*** Opening of Dataset extract ***

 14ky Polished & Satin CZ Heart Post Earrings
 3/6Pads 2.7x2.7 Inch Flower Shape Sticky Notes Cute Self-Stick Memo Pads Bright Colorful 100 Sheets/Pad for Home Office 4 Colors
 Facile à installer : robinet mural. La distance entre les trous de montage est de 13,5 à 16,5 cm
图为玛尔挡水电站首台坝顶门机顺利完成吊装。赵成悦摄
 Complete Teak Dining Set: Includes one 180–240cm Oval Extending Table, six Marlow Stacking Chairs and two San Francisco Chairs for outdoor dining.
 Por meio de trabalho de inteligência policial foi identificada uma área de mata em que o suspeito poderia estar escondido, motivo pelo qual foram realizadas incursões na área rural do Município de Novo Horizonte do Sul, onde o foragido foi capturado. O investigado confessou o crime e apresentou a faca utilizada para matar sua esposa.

*** Close of Dataset extract ***

Task brief:
Nothing but the lines from the one containing "Complete Teak Dining" through the last line of the listing should be output, each exactly as written.

Answer area:
 Complete Teak Dining Set: Includes one 180–240cm Oval Extending Table, six Marlow Stacking Chairs and two San Francisco Chairs for outdoor dining.
 Por meio de trabalho de inteligência policial foi identificada uma área de mata em que o suspeito poderia estar escondido, motivo pelo qual foram realizadas incursões na área rural do Município de Novo Horizonte do Sul, onde o foragido foi capturado. O investigado confessou o crime e apresentou a faca utilizada para matar sua esposa.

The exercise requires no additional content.